Before she can answer, he tips the drink toward her mouth. She gulps it down eagerly.

“Don’t you remember me?” he asks, while she’s still drinking. “I helped you. I put you into the bath and helped cool you down and gave you water and took the duct tape off your eyes.”

He pulls the glass away. She slowly nods. Her lips are wet with juice and there are drops on her chin. He’ll have to pick up some more glue when he’s getting supplies today.

“I remember,” she says. “You put me in the trunk of a car against something that smelled dead,” she says, “but if you didn’t take me, why do you have me tied up?”

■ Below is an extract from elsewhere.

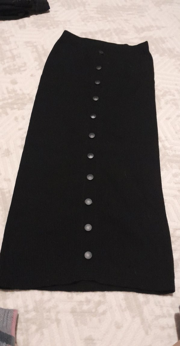 Düğmeli, siyah, uzun ve vücuda oturan bu etek, düz sentetik kumaştan yapılmıştır. Minimalist gotik tarzda günlük kullanıma uygundur.

“It’s complicated,” he says, and it always is. “I’m the man trying to help you,” he says, which isn’t exactly a lie. He wants to help her get better so he can give her to Cooper.

“But you kidnapped me,” she says.

“No, I found you,” he says.

“Then why tie me up?”

“It’s complicated,” he says again, and he likes this answer. He’ll use it on Cooper too when Cooper starts asking him things he doesn’t want to talk about.

“If you didn’t kidnap me,” she says, “then can you untie me? And I need food too-I haven’t eaten in days.”

“I’m going to untie you,” he says, “and give you some food, but first you need to understand that there’s no way you can understand what’s going on here. If you help me I can help you, and then you can eat and I can take you home,” he says, and the first part is true but the second part isn’t, and he can feel himself blush. He hates lying to somebody so. . so pretty.

“Help you?” she asks. “What exactly do you want me to do?”

“I’m hurt,” he says, and he looks down at his leg. With the gun still in his hand, he tries to roll up the leg of his shorts but the Taser in his pocket stops him. He takes it out and rests it on the chest of drawers behind him where it is well out of Emma Green’s reach. Then he rolls his shorts up to reveal the medical padding. “I was shot last night and there’s an infection and I need you to clean it and bandage it.”